Right: now we know the primary cause of death was consumption; that is, pneumonia.  And now we come to the moralism.  Mr. Wiseman continues:

He was not an old man nor feeble when he died, but strong and of a healthy complexion.  Yet, he moultered away, and went rotten to his grave.  And that which made him stink when he was dead, was that he was a man whose life was full of sin, and whose death was without repentance: blemishes sufficient to make him stink indeed.

So Bunyan makes a connection here between disease and morality (sound familiar?). Osler, though, is not making a moral judgment, but instead paints an image of pneumonia as a particularly nasty disease, and uses Bunyan’s vivid phrase to illuminate his point.

Bunyan

He was a great and wise teacher, Sir William Osler. This is, after all, the man who once said to his students, “Keep your mouth shut.  Instead, look wise, say nothing, and grunt.”  We could do worse than to follow the good doctor’s orders.

I’m Megan Cole, for the University of Houston, and I’m interested in the way inventive minds work. 

(Theme music)

End Notes:

Principles and Practice of Medicine by Sir William Osler, D. Appleton & Company, 1909

The Life and Death of Mr. Badman: An Analysis of a Wicked Man's Life, as a Warning for Others, Presented to the World in a Familiar Dialogue Between Mr. Wiseman and Mr. Attentive by John Bunyan, Nathaniel Ponder publisher, 1680.

The American Osler Society is a group of physicians, medical historians, and members of related professions united by the common purpose of keeping alive the memory of William Osler, and keeping its members vigilantly attentive to the lessons found in his life and teachings. 

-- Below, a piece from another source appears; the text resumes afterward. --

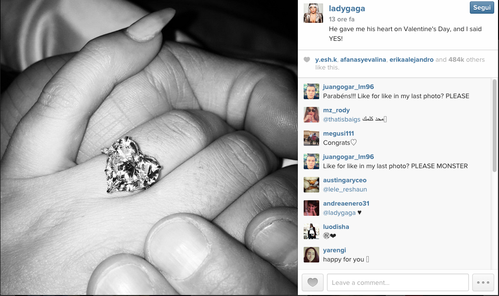 “Mi ha donato il suo cuore e io gli ho detto sì”. Così, via Instagram, Lady Gaga ha annunciato il fidanzamento con il compagno Taylor Kinney, attore e modello che l’artista frequenta dal 2011.
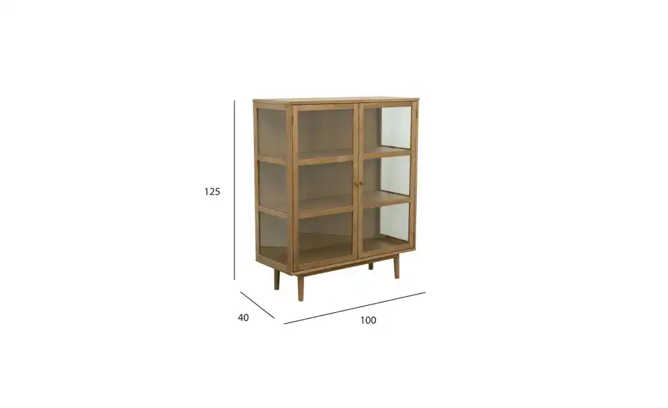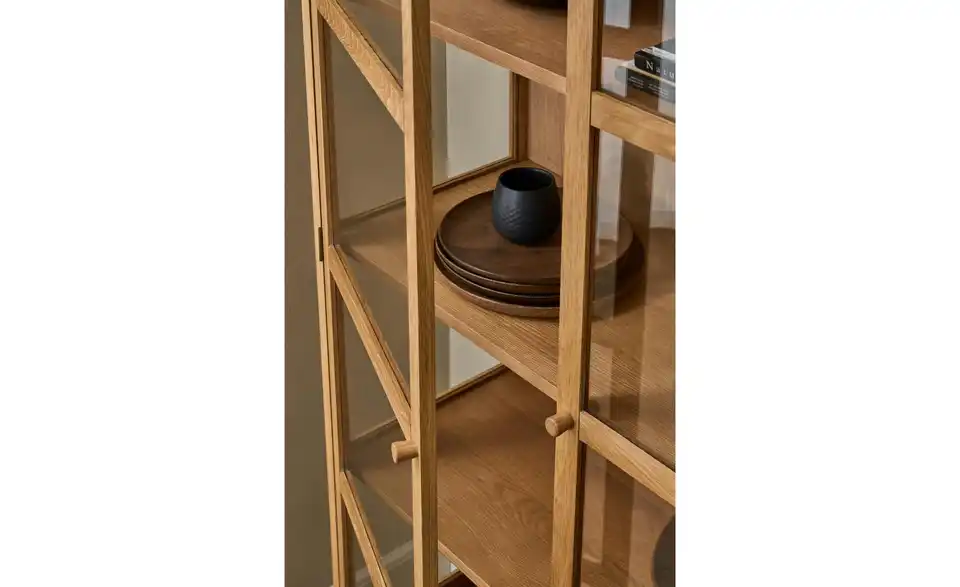 - Mehr zu MaterialRahmen und Beine aus massiver Eiche, Böden und Rückwand aus MDF-Eichenfurnier, Türen und Seiten aus gehärtetem Glas, Eiche Furnier, Lackiert

A note on the word "consumption": It first appeared in the 14th century to describe any potentially fatal wasting disease --- that is, any condition  that "consumed" the body. But over time it came to apply more specifically to tuberculosis.

Although the word "tuberculosis" first appeared in 1860, it wasn't until 1882 that German physician Robert Koch identified the rod-shaped bacterium that caused the illness." (Slate online magazine, June 5, 2001)

John Bunyan wrote his book in 1680, long before the word tuberculosis appeared, so when he wrote of "the Captain of the Men of Death", he was referring to a virulent wasting disease known as consumption.  And Osler, writing in 1892, used Bunyan's phrase to refer to -- and deepen our understanding of -- the virulent wasting disease known as pneumonia. 

So the phrase refers not to a particular disease, but rather describes ANY potentially fatal, nasty, virulent wasting disease: in Osler's case, pneumonia.